Of course, to be fair, there was maybe not much else that commanders could do but rely on cavalry. It was one of the conundrums of the First World War that there was not much alternative to the horse. The internal combustion-engine was, through no fault of the generals, in a primitive state. Even the German army had only eighty-three lorries, and most of these broke down while crossing the Ardennes. The Russian army requisitioned 3,000 private automobiles, but had to leave most of them rusting in the Semenovski Platz in Saint Petersburg for lack of maintenance and fuel.
9
In any case, horses, in the muddy conditions of the eastern front, were often more useful than lorries and, for that matter, tanks. The authorities overdid their reliance on cavalry, but that reliance was not as witless as it later appeared to be. In general, the First World War was marked by an extreme, and extraordinary, dichotomy between weight and mobility, the two vital principles of warfare. Armies had been able to benefit from the economic strides of the nineteenth century, but not yet from those of the twentieth. Agriculture and railways had developed far enough for the supply and maintenance of millions of men to become possible: the Great Powers conscripted between twelve and fifteen million men each between 1914 and 1918. The front-line strengths of the Powers usually reached two million without much effort. But, though these could be given lavish armament and supply, there was not much to make them mobile once they got beyond railheads. There was, in other words, a twentieth-century delivery-system, but a nineteenth-century warhead. In the Russian army, for instance, communications were
primitive. The Russian II Army had twenty-five telephones, a few morse-coding machines, and one Hughes apparatus, a primitive tele-printer capable of discharging 1,200 words per hour, which broke down and forced the commander to move around on horseback to find out what was going on.
10
The Germans themselves had only forty wireless-stations for their whole armed forces; the Russians had even fewer, and in any case men did not know how to use them. Corps lost each other’s codes, and had to broadcast
en clair
, to the Germans’ satisfaction. Similarly, for its 150,000 men II Army had ten automobiles, and four defective motor-cycles. It also had forty-two aeroplanes, but most of them were grounded from one mechanical fault or other.
11
All in all, the Russian invasion of East Prussia was bound to be slow, moving at the pace of a marching man and a plodding horse. If troops could manage even ten miles in a day, they expected and perhaps deserved congratulation.

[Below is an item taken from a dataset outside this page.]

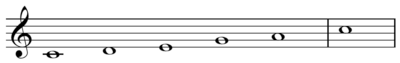 - ↑ Anon. (2001) "Ditonus", The New Grove Dictionary of Music and Musicians, second edition, edited by Stanley Sadie and John Tyrrell. London: Macmillan Publishers; Bence Szabolcsi (1943), "Five-Tone Scales and Civilization", Acta Musicologica 15, Fasc. 1/4 (January–December): pp. 24–34, citation on p. 25.
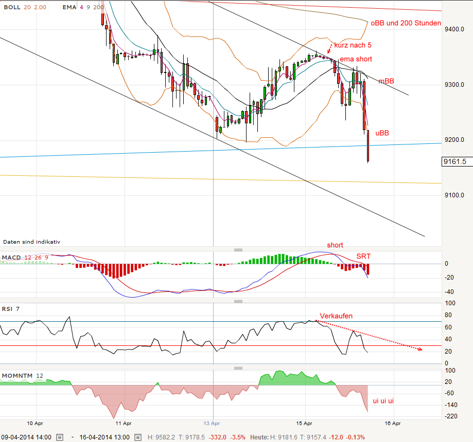 zuerst kommen! Bin erstaunt, dass man als Grund für fallende Kurse die Ukraine nimmt und für steigende die guten Wirtschafftsdaten - auf die Idee einer Überbewertung kommt keiner - übrigens Widerstand bei 9.170/80 gebrochen - nun sollten sich die Bullen beeilen, ansonsten könnte es fürchterlich werden ;-) oder die machen heute kurz vor 22.00 Uhr wieder einen "Zauberspruch" wie gestern - das wäre ober geil!

But these inevitable consequences of the age were made much more serious for the Russian army because of its peculiar structure. The civil war that had gone on within the army before 1914 resulted in absence of a real plan for war: troops were frittered away between different operations, since there was no single authority to impose its will on the army. Moreover, when war broke out, that single authority did not emerge even when an ostensible supreme command (
Stavka
) was appointed.
Stavka
, in the early phase of the war, was a helpless victim of circumstances. The pre-war conflicts between soldiers who wanted to concentrate against Germany, and soldiers who wanted to concentrate against Austria-Hungary, had not been resolved. Instead, the army was split into two groups, and set to conduct separate operations. There were two separate ‘fronts’ or army groups: the north-western front, under Zhilinski, with three armies, to face Germany, and the south-western front, under Ivanov and Alexeyev, to face Austria-Hungary, with four armies. The construction of these separate groups was not undertaken because army leaders recognised that strategic handling of large armies needed army groups. Rather, it followed from men’s recognition that compromise was impossible; better have two different operations. Real power was held by the separate army groups, and not by
Stavka
.

The supreme command itself was botched together at the last moment. Sukhomlinov, as war minister, had been expected to assume the supreme command. But he calculated that
Stavka
would remain powerless—as indeed, in a short war, would have been the case—and no doubt also foresaw defeats, in the first period of the war, because of Germany’s rapid mobilisation. With a show of patriotic endeavour, he offered the post to the Tsar.
12
The Tsar calculated much as Sukhomlinov did. There
was need of ‘a great poster’ to fill the post; and on 2nd August, it was offered to Grand Duke Nicholas, who had been expecting only the command of VI Army, along the Baltic coast. He knew neither the plans nor his subordinates. Yanushkevitch, translated from his post in Saint Petersburg to be chief of staff to the new commander-in-chief, went to see him at his estate. The other officers met him only at field-headquarters in Baranovitchi.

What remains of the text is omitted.